:: TASK STATEMENT ::
What is wanted is every line below from the one with "Lo psichiatra Vittorino Andreoli." up to and including the one with "Trialeurodes vaporariorum (en", retyped exactly, pictures excluded, nothing else.

:: ENTRIES PROVIDED ::
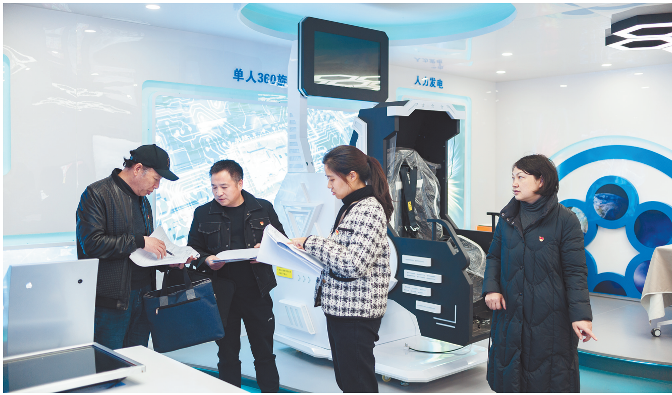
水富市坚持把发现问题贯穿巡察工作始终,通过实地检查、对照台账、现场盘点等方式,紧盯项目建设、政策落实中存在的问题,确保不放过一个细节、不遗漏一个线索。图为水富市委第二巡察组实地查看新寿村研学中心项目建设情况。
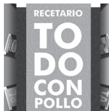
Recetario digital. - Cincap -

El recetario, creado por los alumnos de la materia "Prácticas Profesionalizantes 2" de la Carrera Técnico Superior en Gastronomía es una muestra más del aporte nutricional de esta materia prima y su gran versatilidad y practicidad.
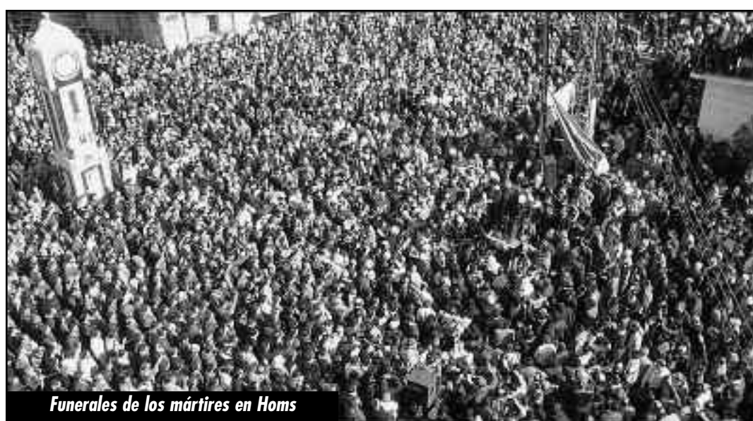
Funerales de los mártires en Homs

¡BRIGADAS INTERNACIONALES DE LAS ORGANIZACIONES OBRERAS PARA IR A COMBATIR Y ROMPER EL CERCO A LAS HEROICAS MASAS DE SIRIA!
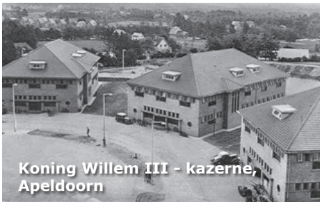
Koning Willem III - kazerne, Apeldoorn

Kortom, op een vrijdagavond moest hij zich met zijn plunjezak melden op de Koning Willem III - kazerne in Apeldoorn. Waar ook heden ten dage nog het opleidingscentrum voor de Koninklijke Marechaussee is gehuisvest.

==

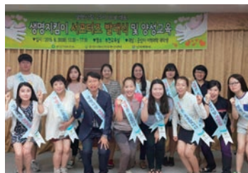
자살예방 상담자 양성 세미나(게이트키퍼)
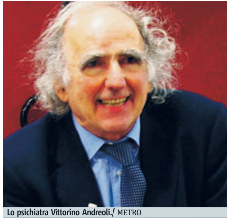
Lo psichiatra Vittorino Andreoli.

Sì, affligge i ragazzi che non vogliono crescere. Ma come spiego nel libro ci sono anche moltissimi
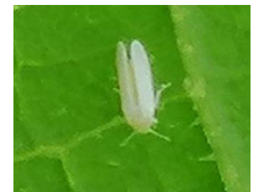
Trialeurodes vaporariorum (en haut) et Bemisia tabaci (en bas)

:: THE COMPLETED TASK ::
Lo psichiatra Vittorino Andreoli.

Sì, affligge i ragazzi che non vogliono crescere. Ma come spiego nel libro ci sono anche moltissimi
Trialeurodes vaporariorum (en haut) et Bemisia tabaci (en bas)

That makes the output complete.